Always rule out true physical symptoms before tackling school avoidance. If there is no physical reason your child should be “sick,” talk to her about why she may feel she has to avoid school. Ask her seemingly innocuous questions like:

  • How was lunch today? What did you have? Who do you usually sit with?
  • How is your math coming? I know you said you didn't understand some things. Is that getting better?
  • How was the bus ride home? Is it crowded or are you always able to sit in the spot you want?
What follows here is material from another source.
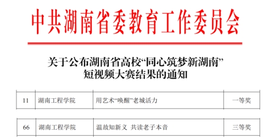 近日,湖南省委教育工委公布了湖南省高校“同心筑梦新湖南”短视频大赛结果。beat365官网九三学社湖工支社主委彭烈洪制作的《用艺术“唤醒”老城活力》荣获一等奖,民革湖工支部主委黄韧制作的《温故知新义 共读老子本音》荣获三等奖。
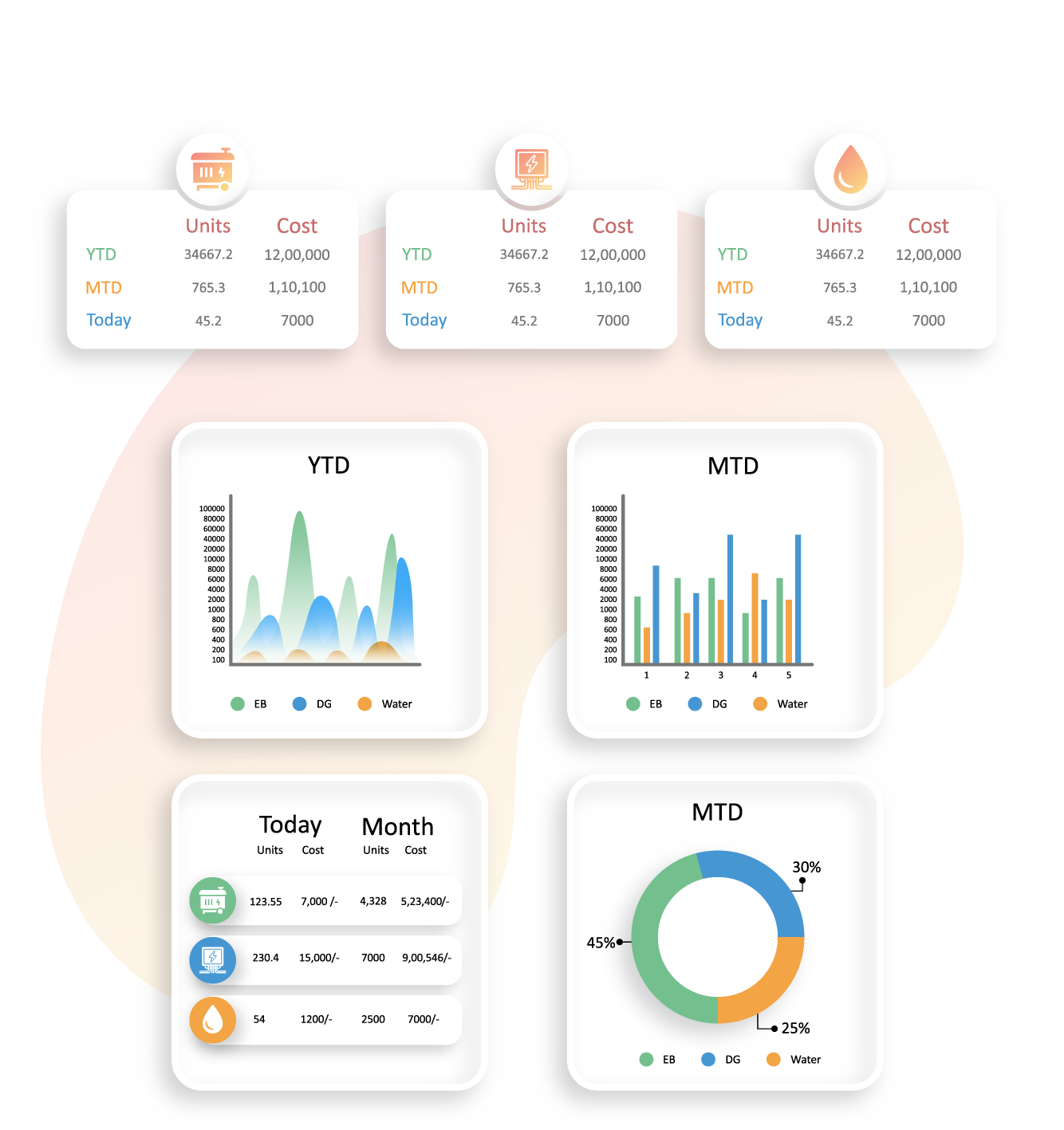 Remove the guess work from your Utilities. Our intuitive utilities dashboard gives real-time and historic analysis enabling you to manage your energy use, water consumption, carbon footprint and drive Cost Savings. No more bill to bill analysis.

Engage your child in conversations that draw out her feelings about school. Have a conversation while driving to the store, on the way home from school, or while having dinner. Talk about someone else's child you know. Some children are reluctant to talk about themselves, but will readily open up about others. If your child has problems opening up to you, consider asking her to tell you three things that happened that day; but one of them is made up. You then have to guess which one is made up. You can then talk about the made-up scenario. If you don’t feel you’re getting to the root of the problem, seek the help of a school professional. Start with your child's teacher or teachers. Maybe the teacher can make adjustments in seating arrangements or classroom procedures, or maybe transferring out of a particular class is warranted. Talk to other parents to uncover news about issues that may be happening at school. Encourage your child to join groups at school where she might find friends. Avoiding school is typically the sign of a deeper issue. Figuring it out is not always easy, but sometimes just understanding that you have to dig a little bit to find out the underlying problem is a help in itself.